**WHAT IS REQUIRED**
Without including any pictures, write out the data below exactly.

(Entries taken from a collection)
◆ ◆ ◆ ◆ ◆ ◆ ◆

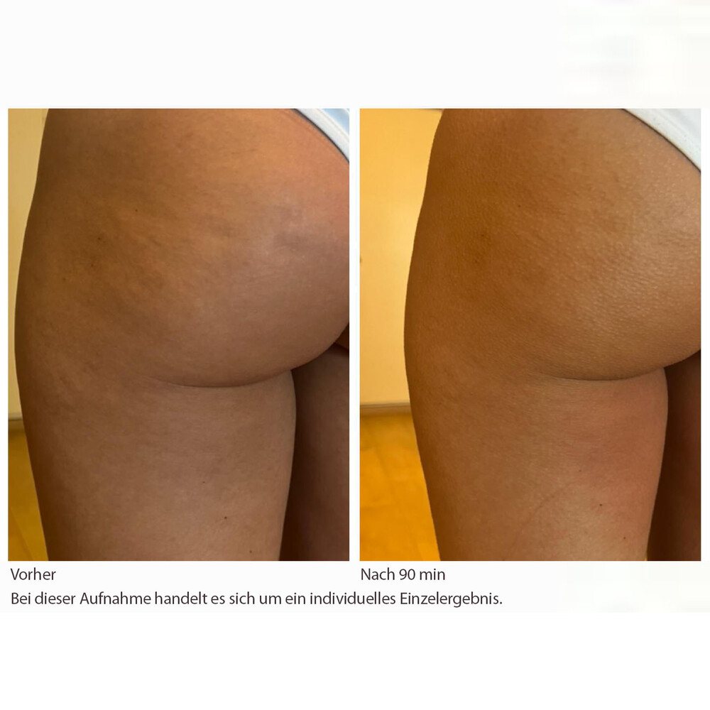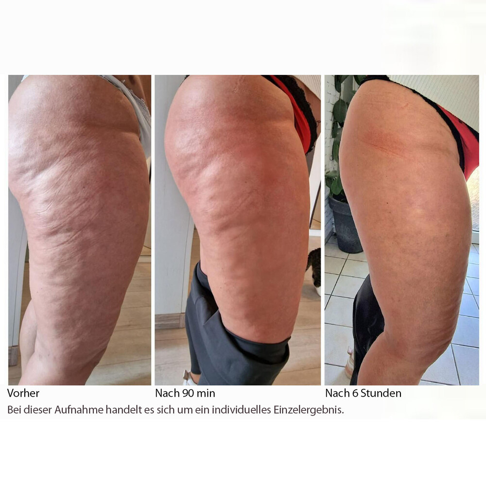 Both are also very important in the fight against cellulite, because healthy blood circulation supplies the skin cells with nutrients and oxygen. This in turn supports the renewal, repair and strengthening of the skin structure. And resilient skin is much better able to resist the formation of cellulite and thus contributes to an even and toned appearance.
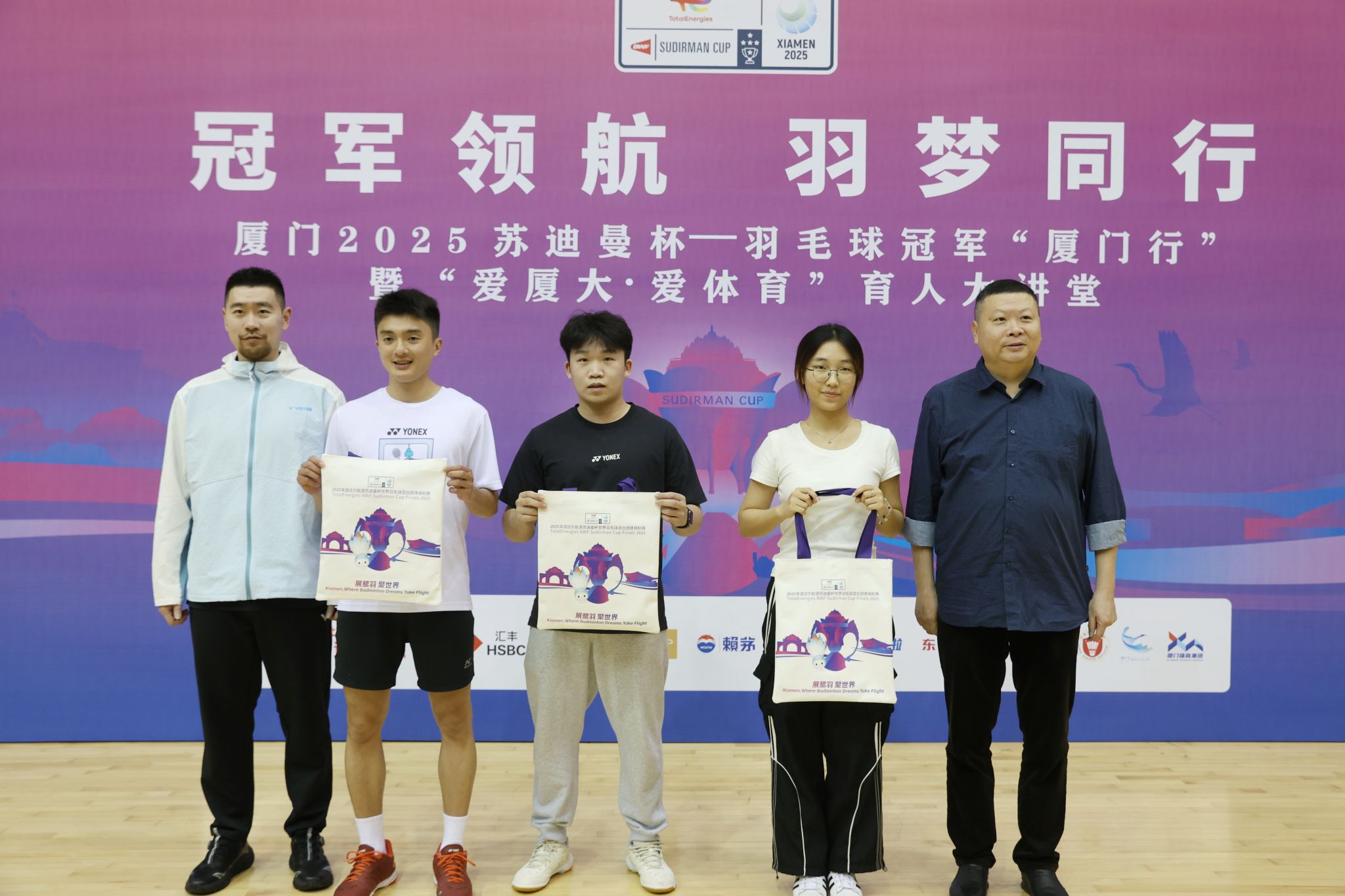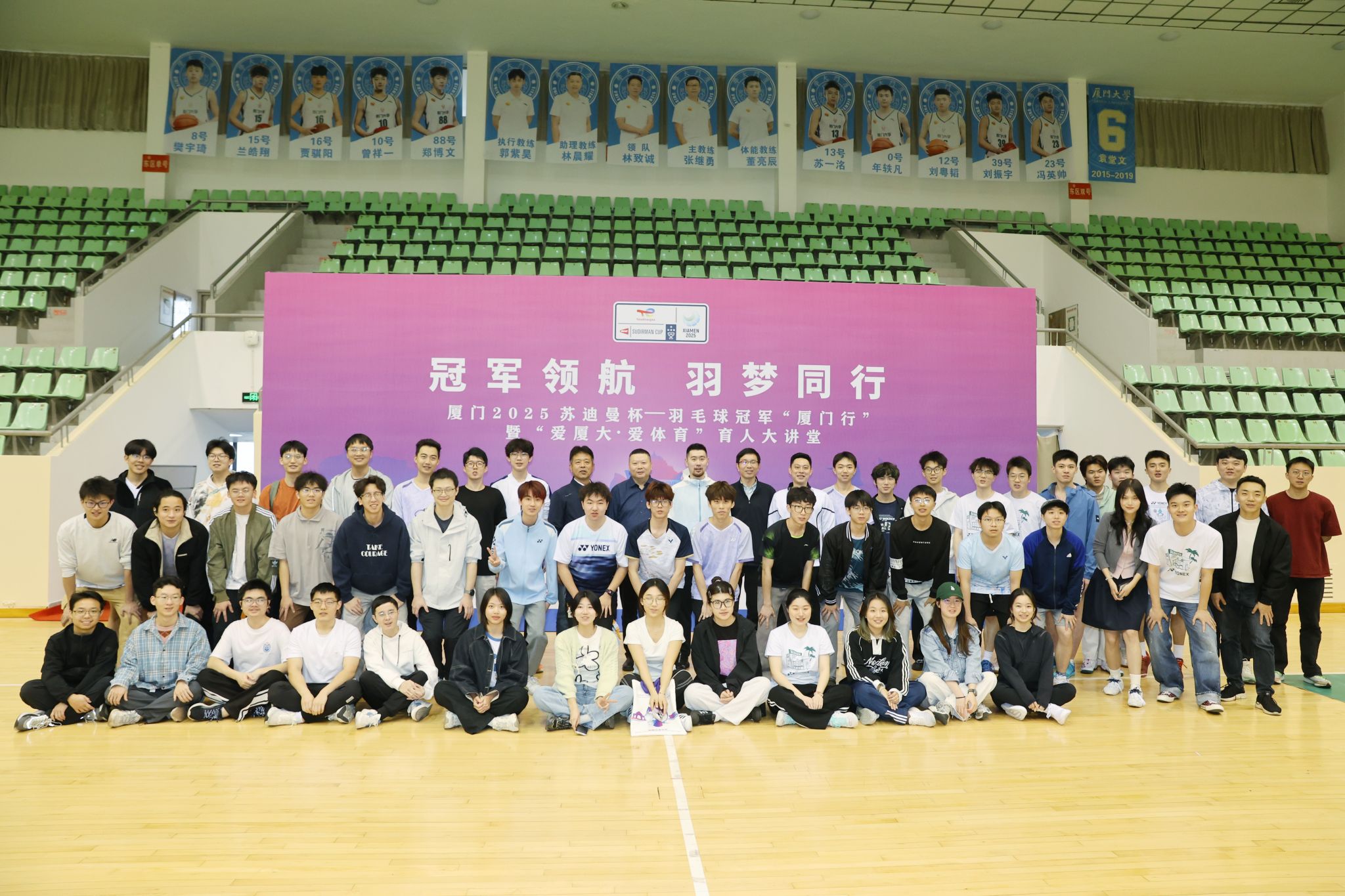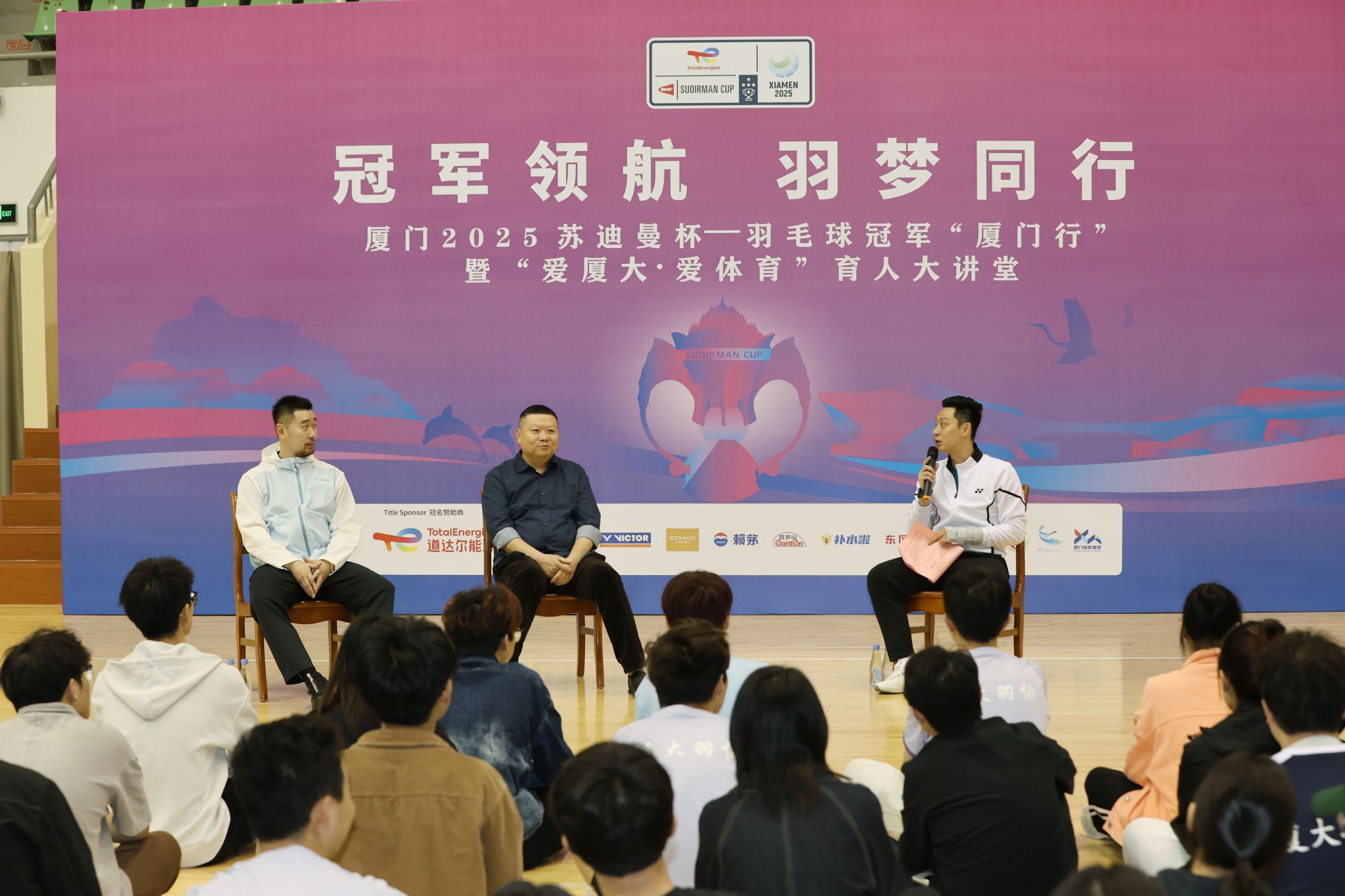 3月13日下午,奥运冠军吉新鹏和世界冠军刘成走进厦门大学校园,正式开启“冠军领航 羽梦同行”羽毛球冠军厦门行活动。本次活动是厦门2025苏迪曼杯赛的预热活动,也是厦门大学“爱厦大 爱体育”育人大讲堂第二讲,更是一场跨越竞技场与象牙塔的体育精神对话。活动由体育教学部教师、世界冠军刘小龙主持。
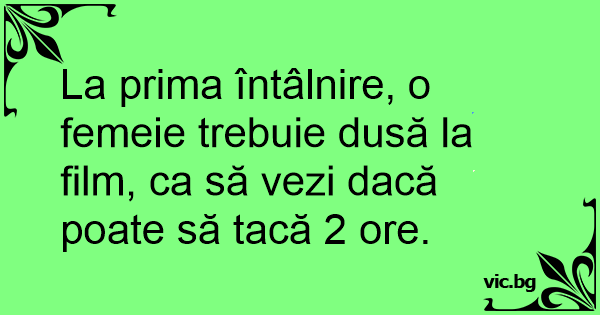 La prima întâlnire, o femeie trebuie dusă la film, ca să vezi dacă poate să tacă 2 ore.
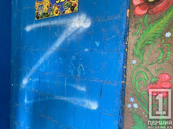 У Кривому Розі якась хвора на голову людина намалювала російську «зетку» на дверях одного з під’їздів на Зарічному. Її посміли помістити на український прапор, який прикрашав вхідну групу.
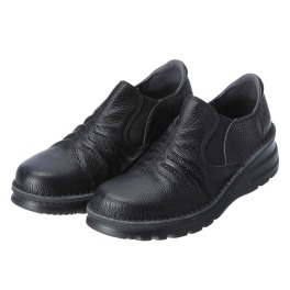 JSハートレーベル牛革シュリンクギャザーアクセント軽量スリッポンシューズ
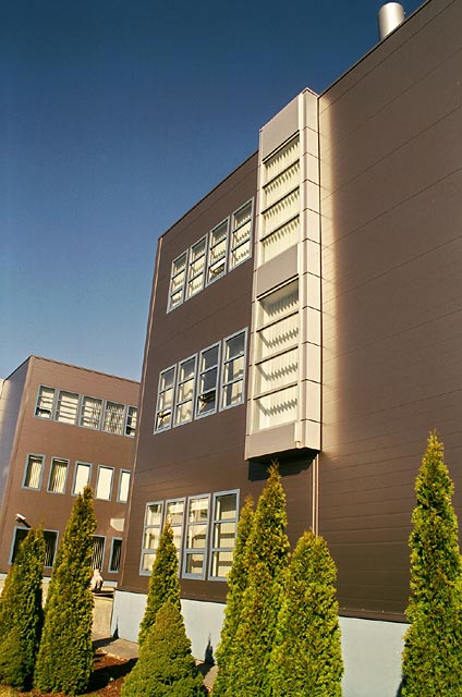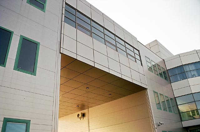 Elewacja zewnętrzna z warstwowych płyt aluminiowych w systemie Alucobond.
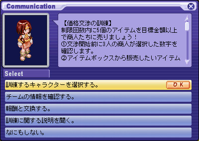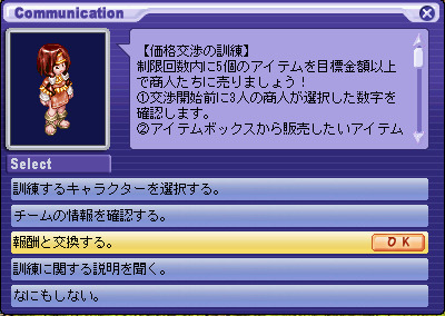| 나타난 신예 상인 | 가격 협상 훈련에서 5 개의 아이템을 모두 2 배의 가격으로 판매 완료한다. | 이벤트 2 |
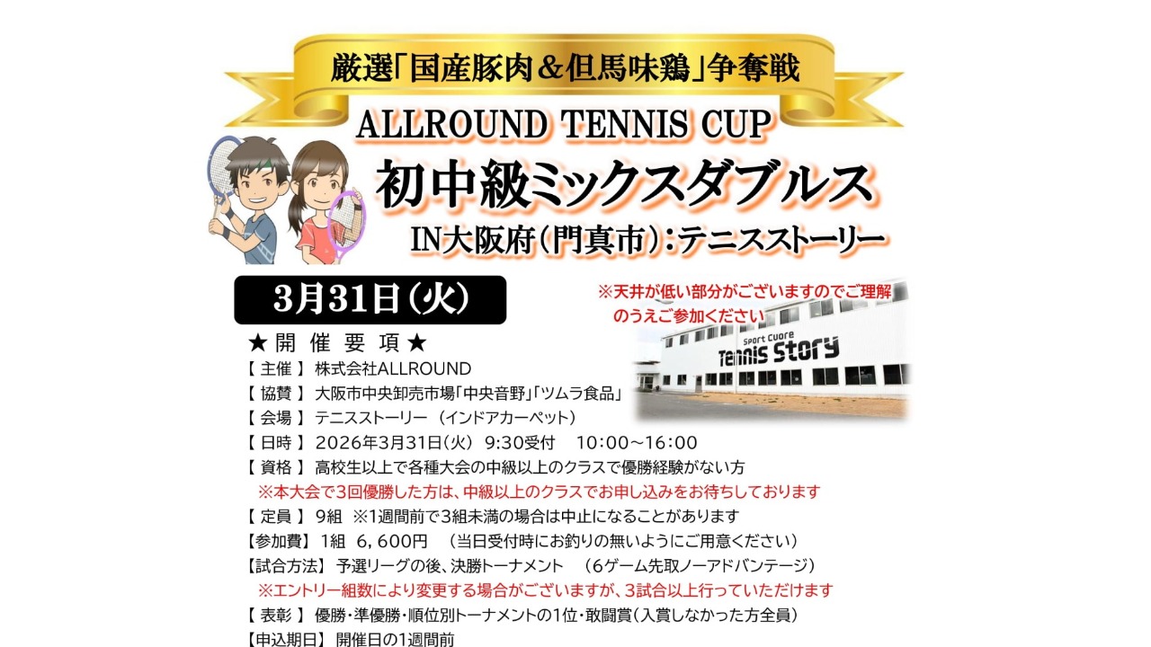 【市場厳選!国産豚肉&但馬味鶏争奪!】初中級ミックスダブルス大会 門真市:テニスストーリー
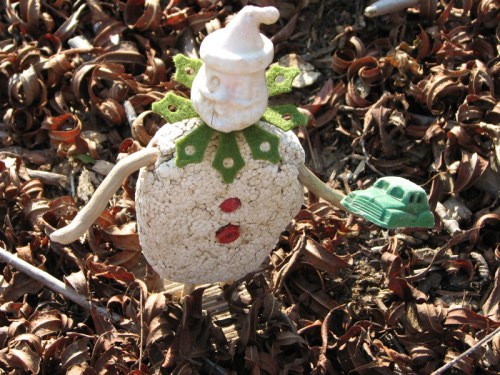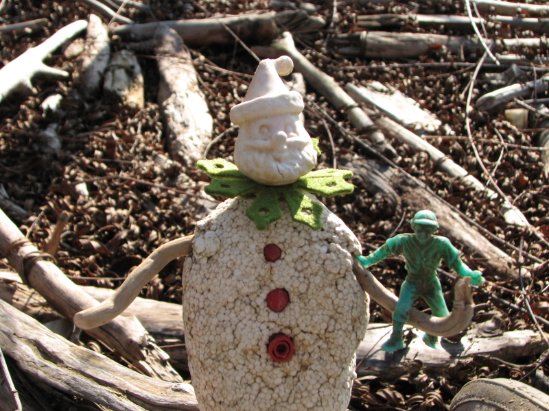 I watched as the two Styro-figures slowly walked to an area that was slightly higher in elevation. Pot Belly lifted Lorraine onto an especially large log and that was where I left them. I may or may not see them again and I suddenly felt sad. I was the only human being around this day to witness this event.
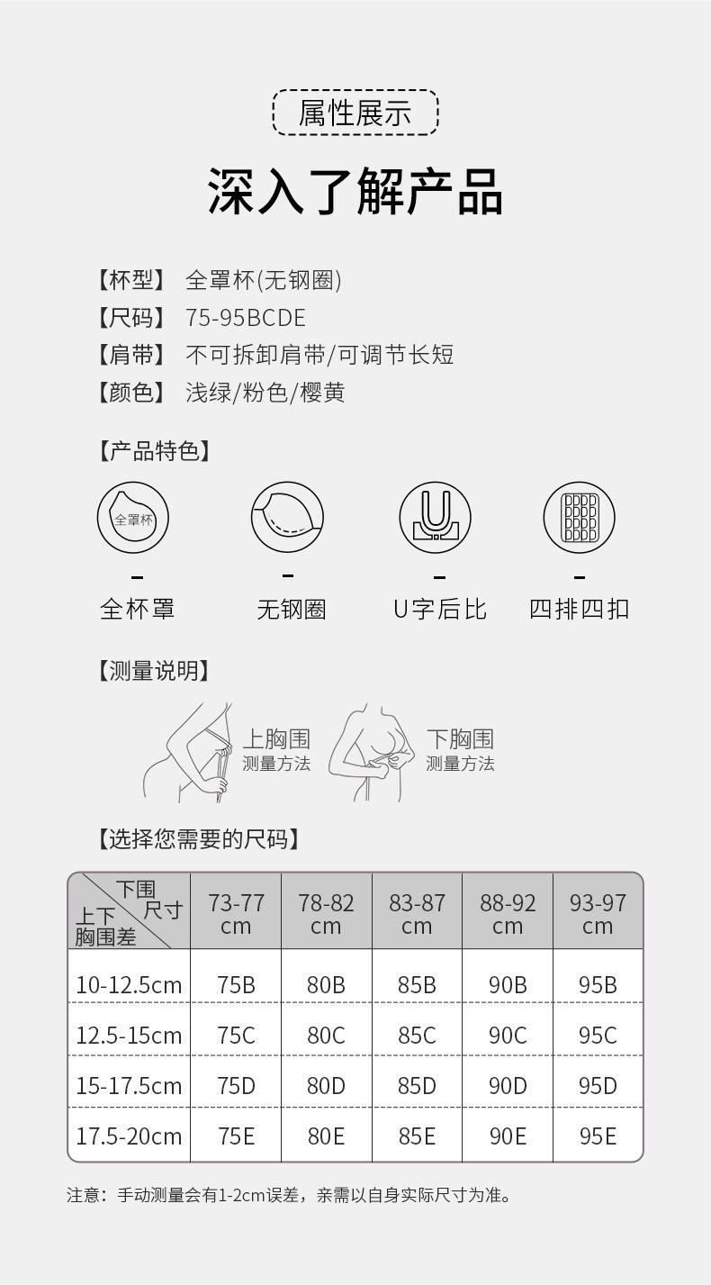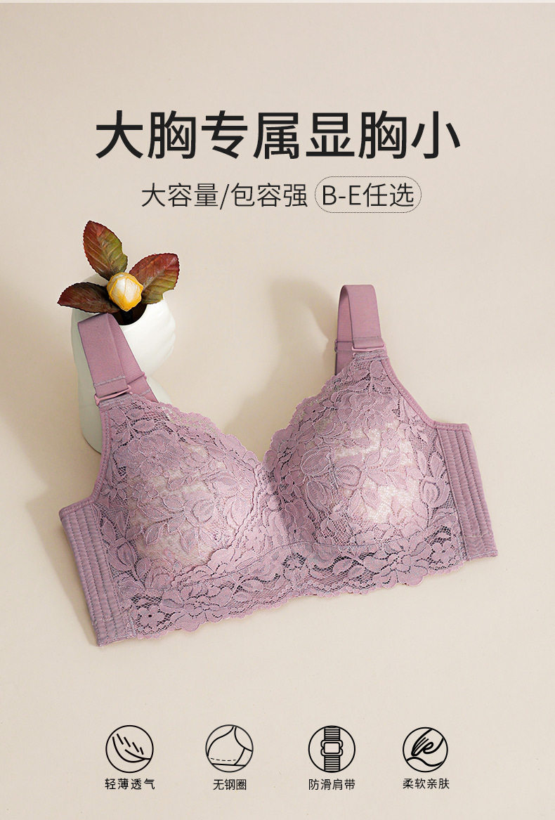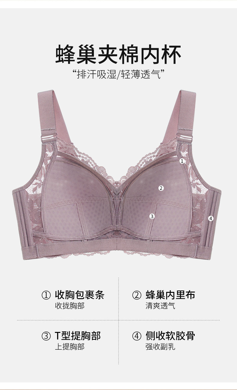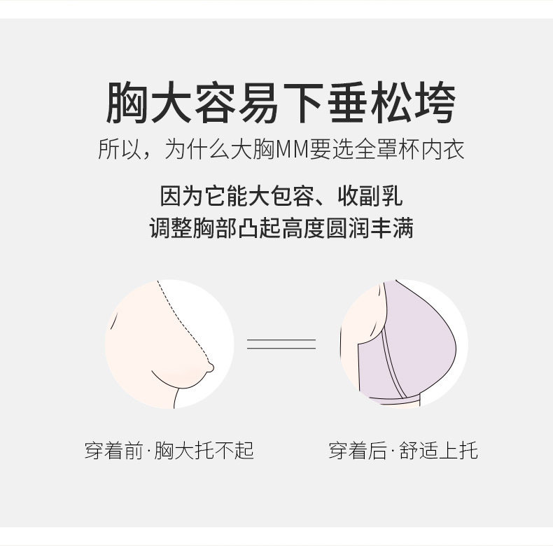 QC-W6190* 内衣女大胸显小超薄款夏轻薄收副乳防下垂全罩杯调整型大码文胸(单件)

◆ ◆ ◆ ◆ ◆ ◆ ◆

**SOLUTION TO THIS EXERCISE**
 Both are also very important in the fight against cellulite, because healthy blood circulation supplies the skin cells with nutrients and oxygen. This in turn supports the renewal, repair and strengthening of the skin structure. And resilient skin is much better able to resist the formation of cellulite and thus contributes to an even and toned appearance.
 3月13日下午,奥运冠军吉新鹏和世界冠军刘成走进厦门大学校园,正式开启“冠军领航 羽梦同行”羽毛球冠军厦门行活动。本次活动是厦门2025苏迪曼杯赛的预热活动,也是厦门大学“爱厦大 爱体育”育人大讲堂第二讲,更是一场跨越竞技场与象牙塔的体育精神对话。活动由体育教学部教师、世界冠军刘小龙主持。
 La prima întâlnire, o femeie trebuie dusă la film, ca să vezi dacă poate să tacă 2 ore.
 У Кривому Розі якась хвора на голову людина намалювала російську «зетку» на дверях одного з під’їздів на Зарічному. Її посміли помістити на український прапор, який прикрашав вхідну групу.
 JSハートレーベル牛革シュリンクギャザーアクセント軽量スリッポンシューズ
 Elewacja zewnętrzna z warstwowych płyt aluminiowych w systemie Alucobond.
| 나타난 신예 상인 | 가격 협상 훈련에서 5 개의 아이템을 모두 2 배의 가격으로 판매 완료한다. | 이벤트 2 |
 【市場厳選!国産豚肉&但馬味鶏争奪!】初中級ミックスダブルス大会 門真市:テニスストーリー
 I watched as the two Styro-figures slowly walked to an area that was slightly higher in elevation. Pot Belly lifted Lorraine onto an especially large log and that was where I left them. I may or may not see them again and I suddenly felt sad. I was the only human being around this day to witness this event.
 QC-W6190* 内衣女大胸显小超薄款夏轻薄收副乳防下垂全罩杯调整型大码文胸(单件)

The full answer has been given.